The world-class sporting facilities are also part of the legacy, but perhaps less obvious are the on-going contracts for British manufacturers and service providers, as enjoyed by Harper Chalice and Zaun, among others.

Harper Chalice general manager and director Chris Hackett says: "As part of the pre-award process we had to install our systems alongside our competitors for trial and testing by the Government Security Services.

"But the prize for winning was huge – 26 kilometres of PIDs and electric fencing at over 400 zones around the Olympic Park, that has formed the basis of the TriSecure complete perimeter protection system that we now provide today alongside Zaun to high-security utilities sites and others.”

Zaun's Games legacy

Certainly, Zaun's Games legacy as the principal 2012 Olympics fencer keeps running and running.
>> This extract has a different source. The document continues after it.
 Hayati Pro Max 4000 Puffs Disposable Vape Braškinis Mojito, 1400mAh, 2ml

It has returned to the Olympic Stadium on several occasions, first decommissioning after the 2012 Paralympics, then reconfiguring and removing security fencing for last autumn's Rugby World Cup and most recently to prepare it as the new home of West Ham United Football Club and a national competition centre for UK Athletics.
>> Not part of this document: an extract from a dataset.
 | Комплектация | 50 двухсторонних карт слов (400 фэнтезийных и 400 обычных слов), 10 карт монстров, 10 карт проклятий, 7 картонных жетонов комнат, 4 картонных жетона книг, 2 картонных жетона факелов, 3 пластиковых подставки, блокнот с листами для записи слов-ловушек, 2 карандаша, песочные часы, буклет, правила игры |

The transformation included installing the largest roof if its kind in the world, a community track, innovative retractable seating, spectator and hospitality facilities and external landscaping.

Commercial success

But the London legacy is about much more than just sporting venues.  Zaun has also provided fencing around the ArcelorMittal Orbit, the transformation of the 275m-long Olympic media complex into iCITY and innovative 'green' acoustic fencing panels for the Chobham Academy on the former Athletes' Village site.

Zaun head of sales Chris Plimley concludes: "London's legacy has touched education, commerce, industry, culture, media, tourism, sport and a whole lot more.

"We owe a large part of our commercial success to the Games and London showed how they could benefit an entire nation.  So I'm amazed more cities aren't getting on the bidding bandwagon once again.”